Wednesday, September 10, 2008

Painted Into A Corner

The Fannie Mae and Freddie Mac debacle is alternatively hailed as a masterful financial operation, a gun held to the head of the american taxpayer, the result of government intervention in the first place, or the advent of pure american socialism. There is something for everyone in the analyses being offered. To me the issues cut very deeply into the heart of this country's self perception and we best listen carefully to the messages.

The Government Sponsored Enterprises (GSE's) were put in place to enhance the flow of credit to targeted sectors of the economy. Housing, Agriculture and Education were the three areas originally focused on, but education was removed in 1995. In my opinion the one most forward looking for the nation was relinquished. Housing is by far the largest of the GSE's through Fannie Mae, Freddie Mac and the Twelve Federal Home Loan Banks.

In past years we have heard much of the "ownership society." With the encouragement of sloppy central bank policy it became the debt society as individuals acted rationally and borrowed, leveraged, speculated, and lied their way into what they were told time again was the American Dream. Throw in some extra institutional greed as the profits offered by securitizing the billions and billions of mortgage debt and we're ripe.

Every civilized society has concepts of ownership, but also that ownership is earned in some way, not stolen and free market forces should eliminate the "free lunch." The credit bubble that has ensued over the past decade made the lunch look free. Borrowing at 5% with 10%+ annual appreciation in value, make the gain tax free, give a tax deduction for the interest paid and welcome to America's 21st century version of tulip mania. Add a profit motive to coerce and cajol even the least credit worthy into the game, package the loan as a U.S. Government sponsored bond paying better interest rates and every yield hungry pension fund, hedgefund and sovereign wealth fund on the planet lined up at the buffet table. If you had any cajones at all you leveraged it 30:1 and cracked a bottle of Dom Perignon regularly. That is until the law of ever rising residential real estate values was repealed.

The discussion of whether the government should or should not have stepped in with what will end up being over $100 Billion in taxpayer cash is moot. They did. They had to. As the greatest debtor nation in the world, with an insatiable appetite for consumption and no national savings, we live by the willingness of others around the world to trade their savings for our investment paper. After years of at least giving the impression that Fannie Mae paper was "nearly" as good as Treasury bonds to let the institutions fail and take the sizable investments of our creditors like China, Japan, Singapore, Germany and so on fall into a worthless abyss would have taken our word as our bond right with it. When you are an addict, you need that fix.

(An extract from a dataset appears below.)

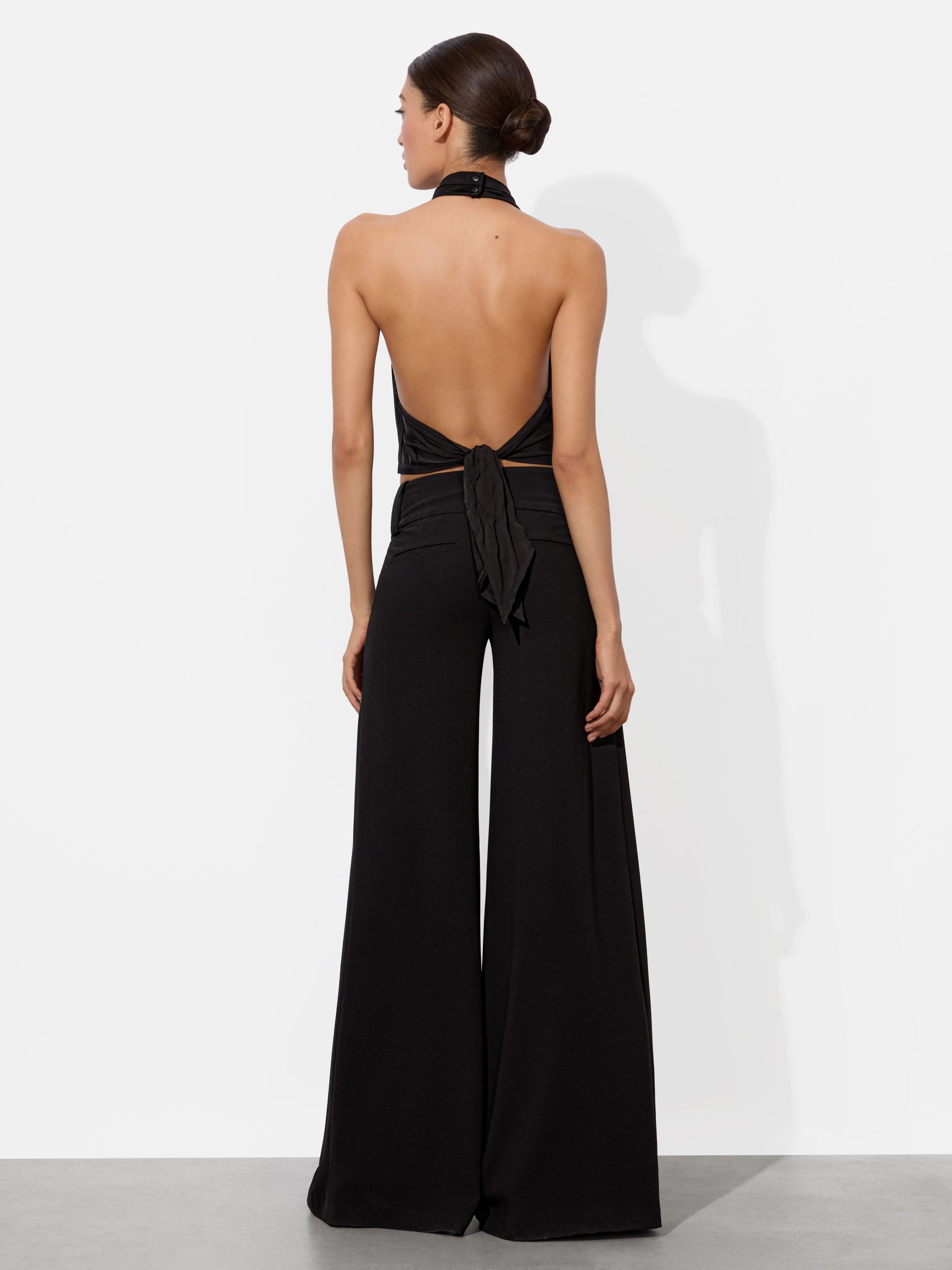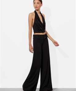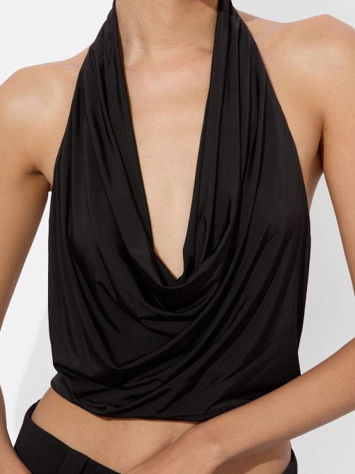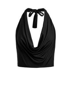Your favorite bodysuit, reimagined as the ultimate going-out top. The Ayanna tie neck halter top takes everything you loved about the original-plunging cowl neckline, silky stretch jersey-and crops it for warm nights and cooler company. An open back adds drama, while the slinky fit hugs in all the right places. Throw it on with high-waisted pants, a tan, and very little else.

During the recent political conventions I heard the phrase "addicted to oil," repeatedly and wondered why no one mentioned that oil is small potatoes compared to our addiction to spending beyond our national means. A trillion here, a trillion there, pretty soon it adds up to real money. Given the pervasive problems facing the financial system it is likely there are more shoes to drop and doubtful the political will to offer much more taxpayer money into the hopper.